──────── MATERIAL TO PROCESS
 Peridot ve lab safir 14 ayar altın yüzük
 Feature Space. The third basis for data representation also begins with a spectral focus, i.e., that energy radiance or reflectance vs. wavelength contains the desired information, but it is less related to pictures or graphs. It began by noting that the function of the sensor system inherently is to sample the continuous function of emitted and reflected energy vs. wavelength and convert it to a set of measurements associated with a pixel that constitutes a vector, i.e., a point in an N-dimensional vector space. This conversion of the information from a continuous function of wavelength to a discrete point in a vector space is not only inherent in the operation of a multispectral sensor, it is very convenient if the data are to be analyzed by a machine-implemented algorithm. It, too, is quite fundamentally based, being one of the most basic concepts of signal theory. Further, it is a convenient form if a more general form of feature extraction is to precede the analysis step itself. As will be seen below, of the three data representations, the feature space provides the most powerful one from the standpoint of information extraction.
────────────────
──────── MATERIAL TO PROCESS
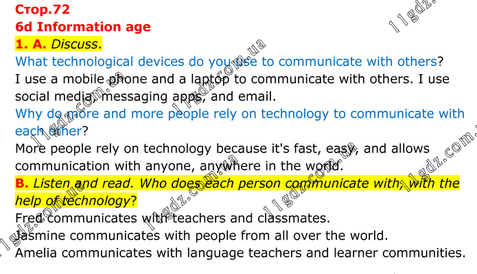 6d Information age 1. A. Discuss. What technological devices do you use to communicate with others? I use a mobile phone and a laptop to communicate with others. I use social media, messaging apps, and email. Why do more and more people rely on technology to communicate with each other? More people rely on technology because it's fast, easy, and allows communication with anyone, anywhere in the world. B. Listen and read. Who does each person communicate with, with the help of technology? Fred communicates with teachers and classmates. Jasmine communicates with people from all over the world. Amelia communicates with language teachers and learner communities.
────────────────
──────── MATERIAL TO PROCESS
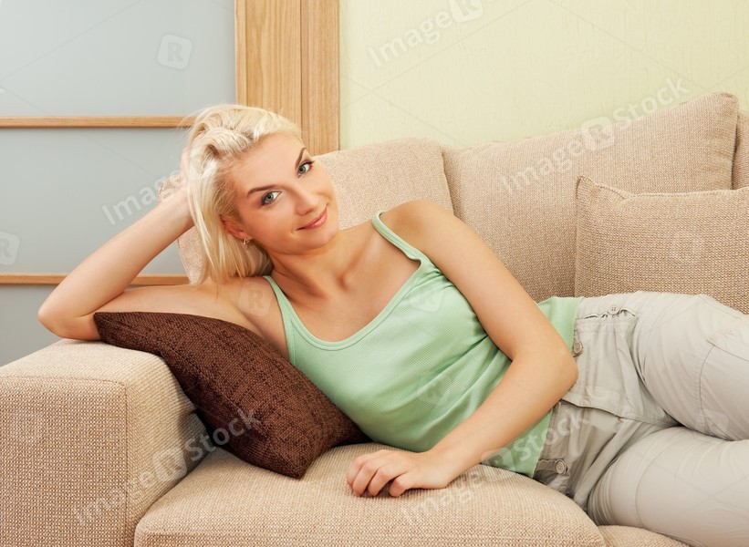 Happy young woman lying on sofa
────────────────
TASK BRIEF:
What you give back must be the stretch above, starting at the line with "Peridot ve lab safir 14 ayar altın yüzük" and ending at the line with "Feature Space. The", copied exactly.

ANSWER TO THIS TASK:
 Peridot ve lab safir 14 ayar altın yüzük
 Feature Space. The third basis for data representation also begins with a spectral focus, i.e., that energy radiance or reflectance vs. wavelength contains the desired information, but it is less related to pictures or graphs. It began by noting that the function of the sensor system inherently is to sample the continuous function of emitted and reflected energy vs. wavelength and convert it to a set of measurements associated with a pixel that constitutes a vector, i.e., a point in an N-dimensional vector space. This conversion of the information from a continuous function of wavelength to a discrete point in a vector space is not only inherent in the operation of a multispectral sensor, it is very convenient if the data are to be analyzed by a machine-implemented algorithm. It, too, is quite fundamentally based, being one of the most basic concepts of signal theory. Further, it is a convenient form if a more general form of feature extraction is to precede the analysis step itself. As will be seen below, of the three data representations, the feature space provides the most powerful one from the standpoint of information extraction.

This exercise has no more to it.